Background information
- Origin: Utrecht, Netherlands
- Genres: Black metal, post-metal, post-hardcore
- Years active: 2010–present
- Labels: Burning World, Consouling Sounds, Tartarus, Anthitetic
- Members: Joost Vervoort Johan van Hattum Demian Snel Richard Japenga Jelle Agema
- Website: terzijdehorde.bandcamp.com

= Terzij de Horde =

Dutch black metal band

Terzij de Horde is a Dutch black metal band with dark vitalism as a central theme, from Utrecht, formed in 2010. They are known for taking their inspiration from mostly literary and academic sources and intense live performances.

Terzij de Horde is (poetic) Dutch for "set apart from the horde". It is a line from the poem "Einde" (ending) by legendary Dutch poet Hendrik Marsman.
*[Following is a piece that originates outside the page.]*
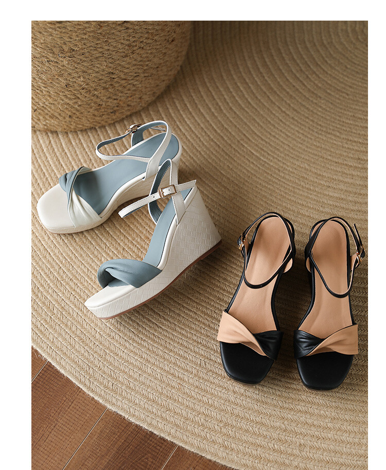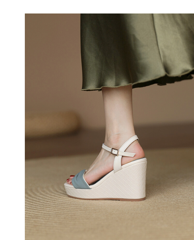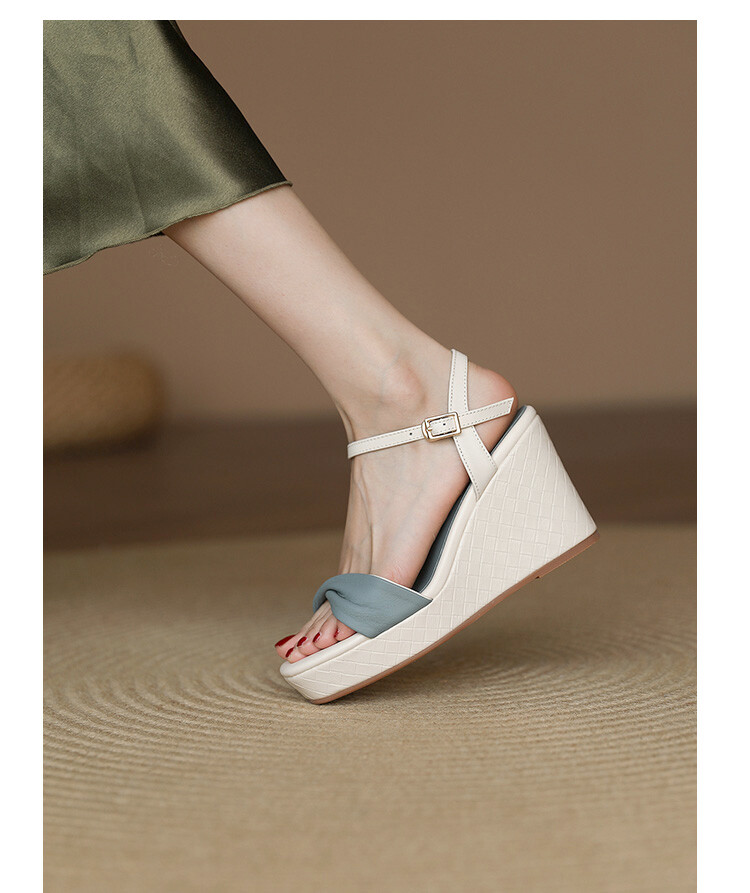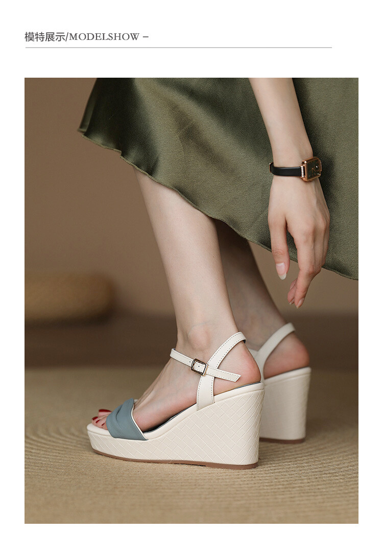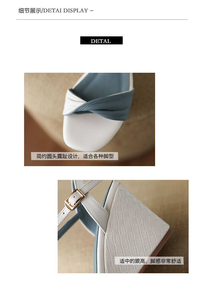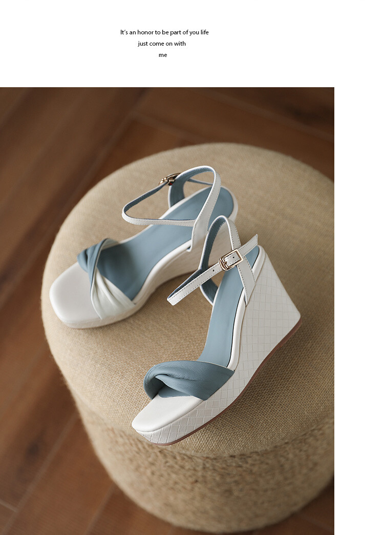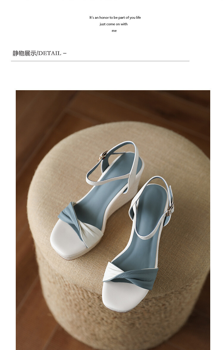 优雅百搭,巨火的蓝白配色坡跟凉鞋YDE-D7026

Marsman is an inspiration to the band, as are many other authors and philosophers in the same dark, vitalistic vein.

== History ==
Starting out as Liar Liar Cross On Fire in 2007, the band grew away from its sonic roots in grindcore and crusty hardcore, and toward more dark atmospherics. Throughout their existence, the band has been described as a mix between Khanate, Wolves in the Throne Room, Deathspell Omega and Neil Perry.

In April 2010, Terzij de Horde played their first show under that name with Altar of Plagues, Year of No Light and Starve to release their EP A Rage of Rapture Against the Dying of the Light. Since then, the band has received widespread international attention and many very positive reviews both of their recorded music and of their explosive live performances. In June 2011, the EP was rereleased on vinyl by Antithetic Records (Kayo Dot, Maudlin Of The Well, Young & In The Way).
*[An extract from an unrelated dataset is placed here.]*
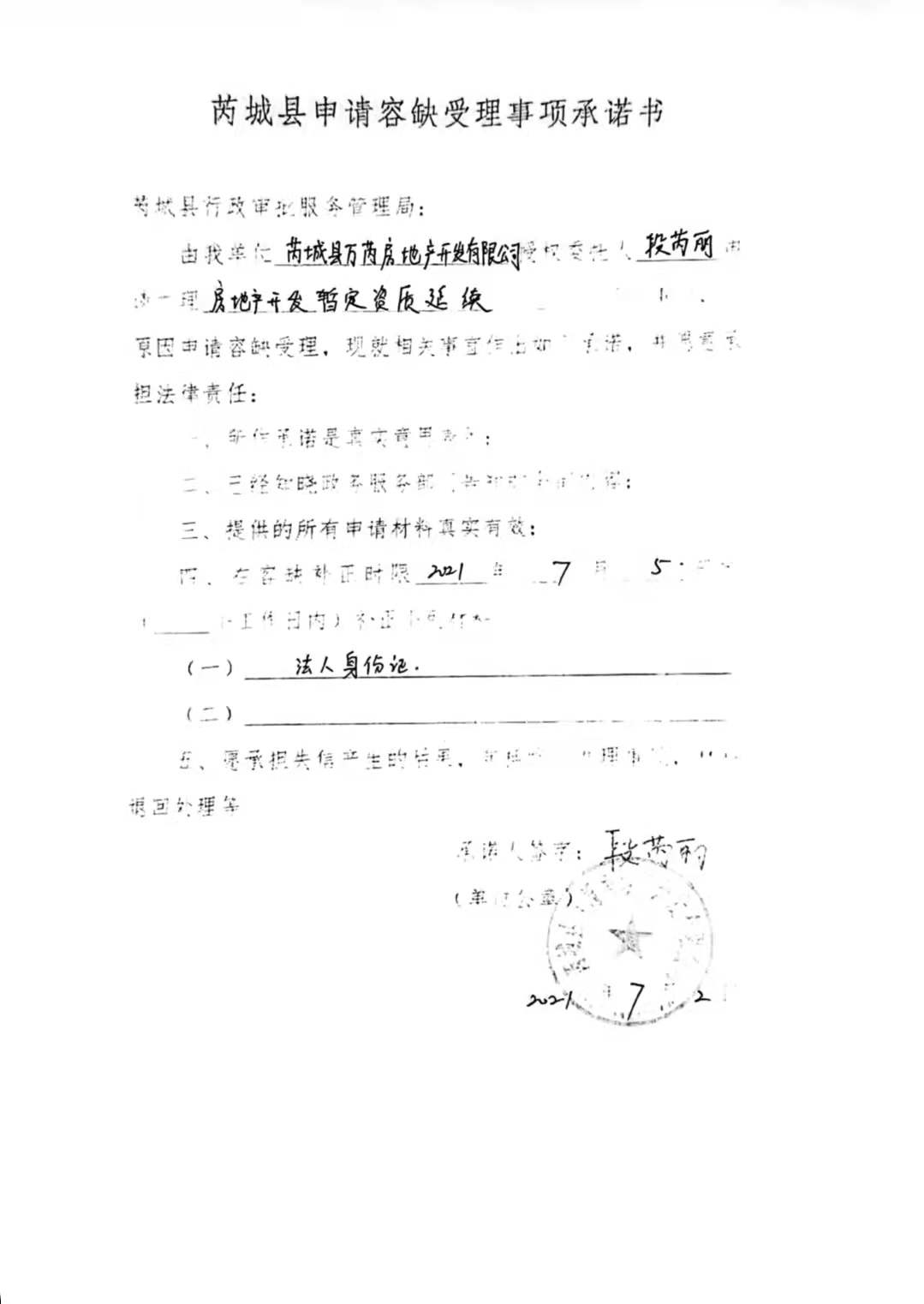 承诺主体代码:9112083MA0H1GR702 签署日期: 2021-07-02

In 2011, Terzij de Horde released a split 12" with fellow countrymen Starve entitled and themed "A Chosen Hollow", on which Lurker said:
"…. Relying less on dissonance and more on moving atmospherics than their debut ever suggested, this is a startling leap forward for a band already ahead of the game. The welding of slow-burning doom and cacophonic black metal returns here, but the hardcore punk assault has been toned down as the band edges closer to their musical ideals. As Alex put it: "There's nothing more awe-inspiring in life than witnessing a band growing into its own beastly element of relentless, cathartic rage."

2015 saw Terzij de Horde return with their first full-length Self. The album focuses on the problem of self, with each track exploring different ways to live or fail to live with self and world, and the struggles these paths and strategies create. In the six songs that constitute Self, the rage of black metal is paired with a cathartic destruction as well as a contemplative, sometimes crawling melancholy.
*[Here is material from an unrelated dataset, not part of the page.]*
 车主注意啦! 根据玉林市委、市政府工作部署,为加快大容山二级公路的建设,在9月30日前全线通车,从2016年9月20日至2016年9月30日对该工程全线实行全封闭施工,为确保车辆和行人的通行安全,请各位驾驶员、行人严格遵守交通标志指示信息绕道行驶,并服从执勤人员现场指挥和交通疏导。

Throughout the years, Terzij de Horde played all over the Netherlands, toured the UK, Ireland and Germany, shared the stage with the likes of Liturgy, Dragged into Sunlight, Laster, Gnaw Their Tongues, Anaal Nathrakh, Bone Awl, Envy and God Dethroned and played festivals like Roadburn, Le Guess Who?, Eurosonic Noorderslag, Siege Of Limerick, Incubate Festival, Ieper Hardcore Fest, Doom Over Leipzig, Into Darkness, Black Metal Desecration and State-X New Forms.

Under the name of Footprints in the Void, the band provided a live platform for doom, black, sludge, noise and drone acts in their home city of Utrecht. Bands involved were, among others, Thou, Aderlating, Alkerdeel, Celeste, Moloch, Conan, Dragged into Sunlight and Aluk Todolo.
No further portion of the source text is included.